2.3. Behavioural tests

2.3.1. Light/dark box

The light/dark box is an anxiogenic task, which tests the tendency of a mouse to explore new environments versus the aversiveness of a brightly lit area [32]. The test was carried out using the equipment and procedure described in [28]. Briefly, the test was started by placing the mouse in the middle of the light side, facing away from the door separating the two compartments. The latency to cross (with all four paws) to the dark side, the amount of time spent in the dark side, and the number of transitions between the two compartments, were measured over the next 5 minutes.

2.3.2. Successive alleys

The apparatus consisted of four linearly connected wooden alleys of increasing anxiogenic character, as described in [28,33]. Mice were initially placed at the back of Alley 1 (the least anxiogenic), facing away from the open end. They were observed for 5 minutes and the latency to enter each alley (with all four paws), the number of entries into each alley, and the time spent on each section were recorded.

2.3.3. Elevated plus maze

The plus maze consisted of four arms (35cm x 6cm) arranged in a cross formation: two non-anxiogenic closed arms with 20cm-high walls and two anxiogenic open arms without walls [34]. It was elevated 70cm above the ground and placed in a brightly lit room with a digital video camera mounted overhead. Individual mice were placed at the junction of the open and closed arms, in a 6cm x 6cm centre square, facing the open arm opposite the entrance to the testing room. Their movements were recorded for 5 minutes. An automated tracking system (Any-maze, Stoelting, Wisconsin, USA) was used to record the time spent in each region, the number of entries to each region, the latency to enter an open arm, and the total distance covered.

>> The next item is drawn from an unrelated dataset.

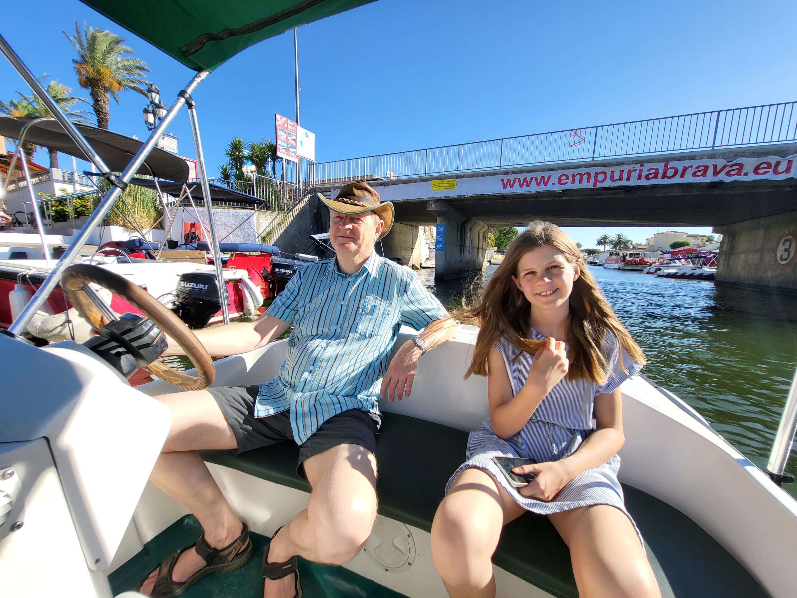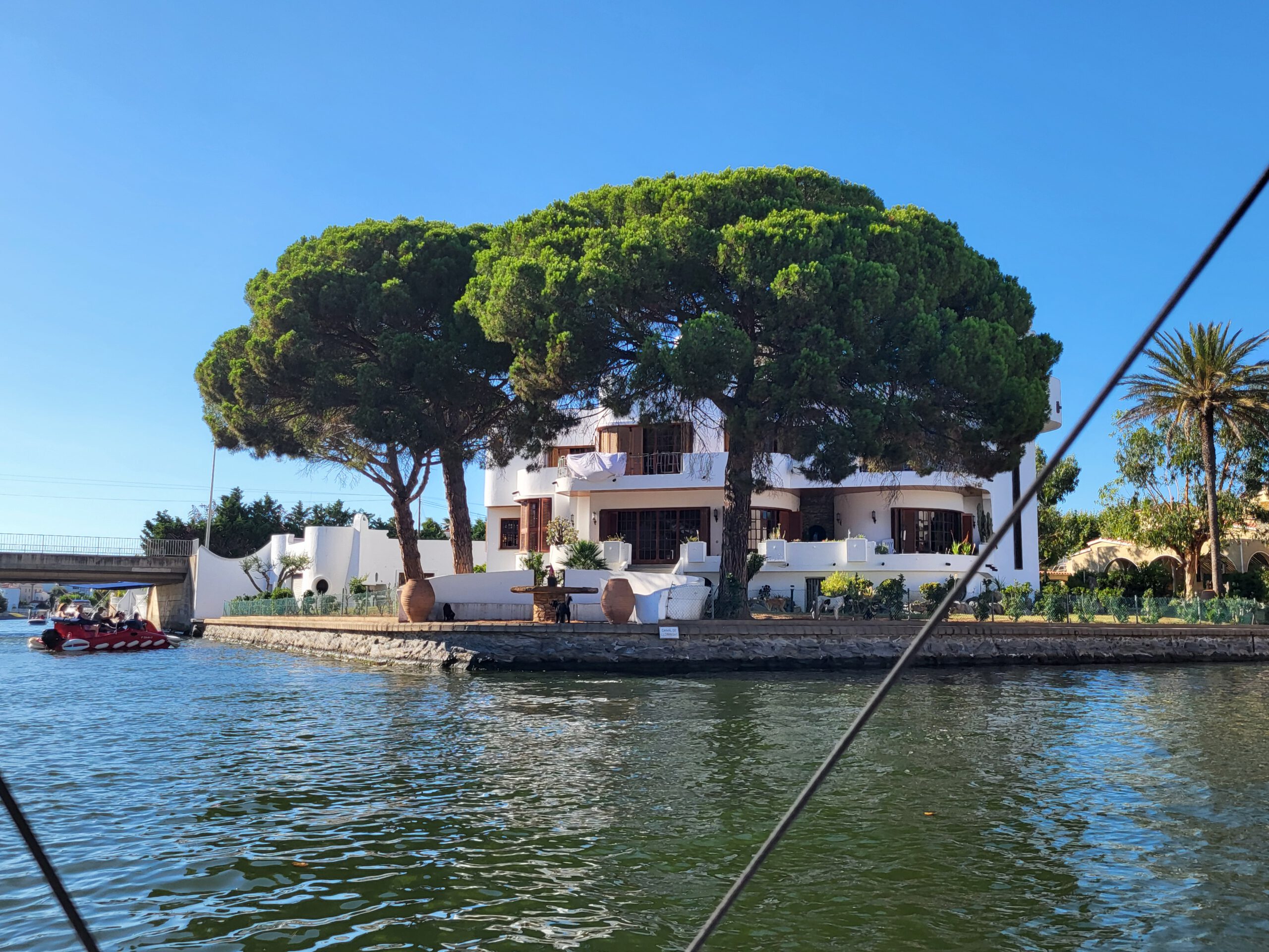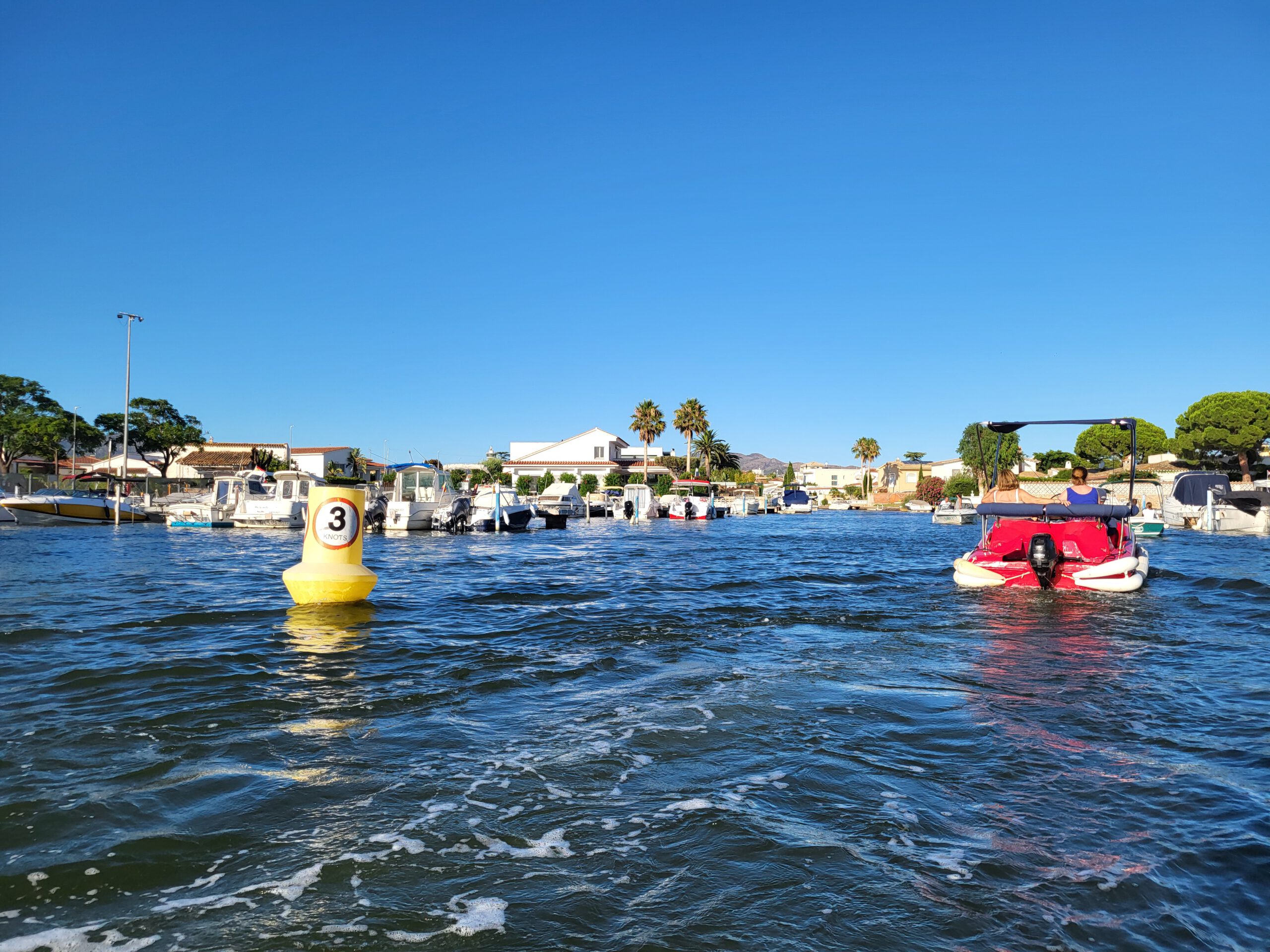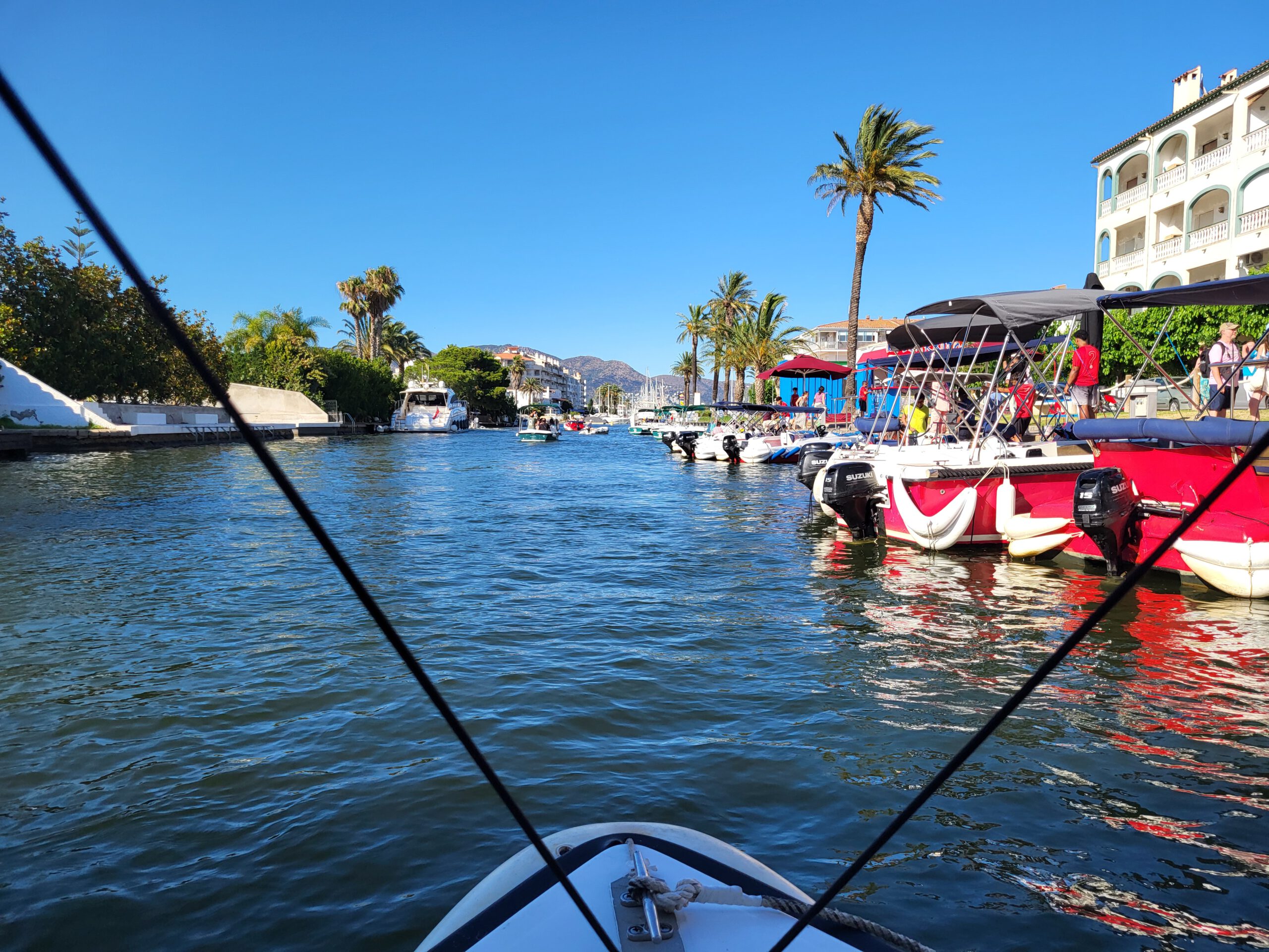 Um 16.45 Uhr ziehen wir wieder los, denn um 18.32 haben wir ein Boot gebucht. Tipp von Eva: Mit dem Elektroboot durch Empuriabrava schippern. Empuriabrava entstand in den 1960er Jahren, als vier Unternehmer - davon drei Besitzer der vorher landwirtschaftlich genutzten Flächen - die Idee hatten, am Reißbrett einen Ferienort zu Zimmern. Das besondere: Es gibt ein enges Netz an Kanälen, angeblich an die 5000 Anlegestellen direkt an den Häusern, die größte Marina der Welt. Das Konzept ging auf und ist bis heute ausgesprochen erfolgreich. Nachdem wir gesichtet haben, wo wir unser Boot abholen können, schauen wir uns erstmal zu Fuß um. Und holen sehr viele eisgekühlte Getränke und etwas Gebäck für die Fahrt.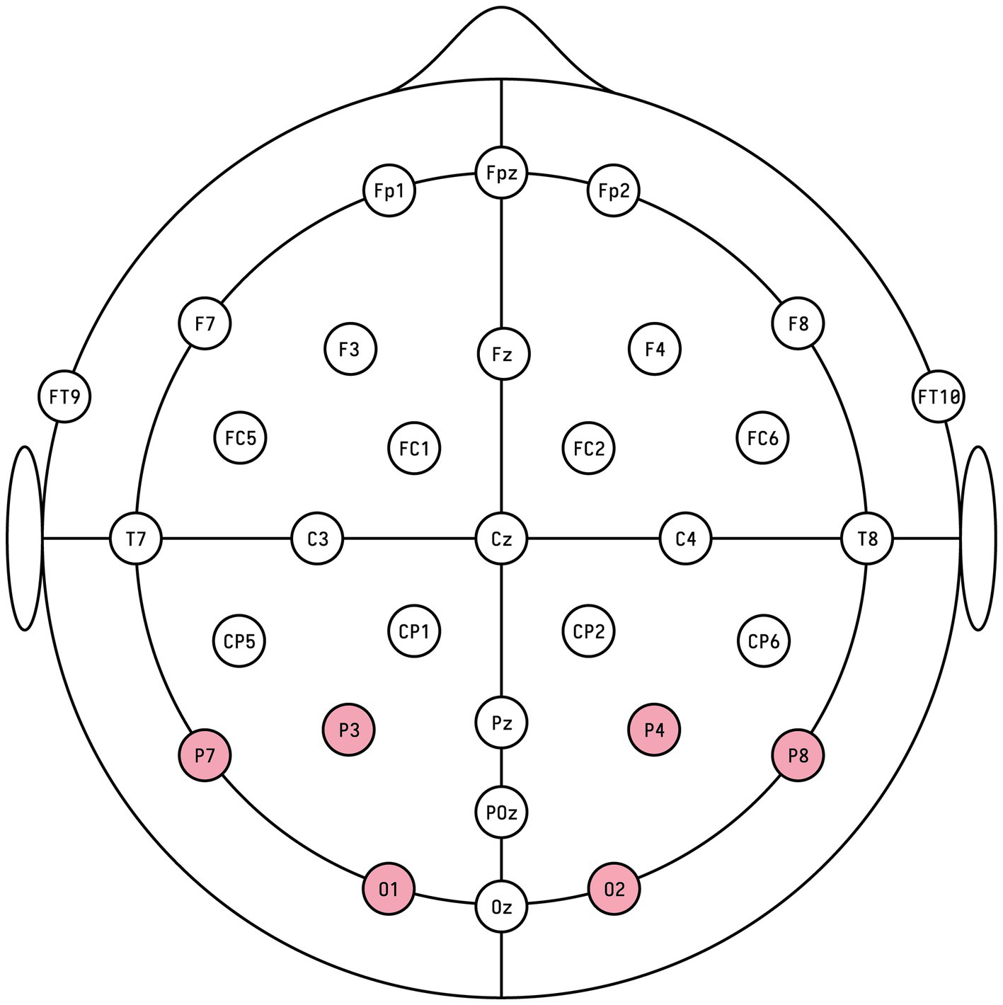 The occipito-parietal recording sites O1, O2, P3, P4, P7, and P8 formed the ROI in the experimental setup.

2.3.4. Low anxiety open field

The open field test measures basal activity (squares crossed) and direct exploration (rears). The open field was a grey PVC arena with no additional illumination, as described in [28]. Mice were initially placed in a corner square, facing the walls, and observed for 3 minutes. The total number of squares crossed, the latency to first rear, and the total number of rears, were measured. The number of faecal boli and the presence of urine was noted, as an indication of anxiety [28].

2.4. Data analysis

All statistical analyses were performed with Prism 5 (Graphpad Software, La Jolla, California, USA). Statistical testing (Two-way ANOVA with gender and genotype as the two factors) indicated there was no statistically significant effect of gender on the results obtained. Thus data from female and male mice were pooled. When the data distribution permitted, a Student’s t-test was performed. Otherwise, data were analysed using the Mann-Whitney U-test. P<0.05 was considered statistically significant.

3. Results

3.1. Expression of Kir6.2 in nV59M mice

We used a Cre-lox approach to target expression selectively to neurones (nV59M mice). This approach is preferable to global expression of Kir6.2, as it avoids any confounding effects due to the high blood glucose concentration and severe diabetes observed when Kir6.2-V59M is targeted to pancreatic beta cells [30]. Mice expressing a floxed Kir6.2-V59M transcript (ROSA+/- mice) [30] were crossed with mice expressing the nestin promoter (Nes-cre+) to generate nV59M mice and littermate controls. Expression of wild-type and V59M Kir6.2 mRNA in control and nV59M mice was verified using semi-quantitative PCR (Fig. 1). To distinguish between WT and mutant mRNA we exploited the fact that introduction of the V59M mutation removes a unique BtsCI restriction site in the Kcnj11 cDNA, which prevents its cleavage. Thus, the presence of two bands on the gel indicates WT Kcnj11 mRNA alone whereas three bands indicates the presence of both WT and mutant (V59M) Kcnj11 mRNAs. As Figure 1B shows, V59M mRNA was expressed in brain tissue from nV59M but not that of control mice.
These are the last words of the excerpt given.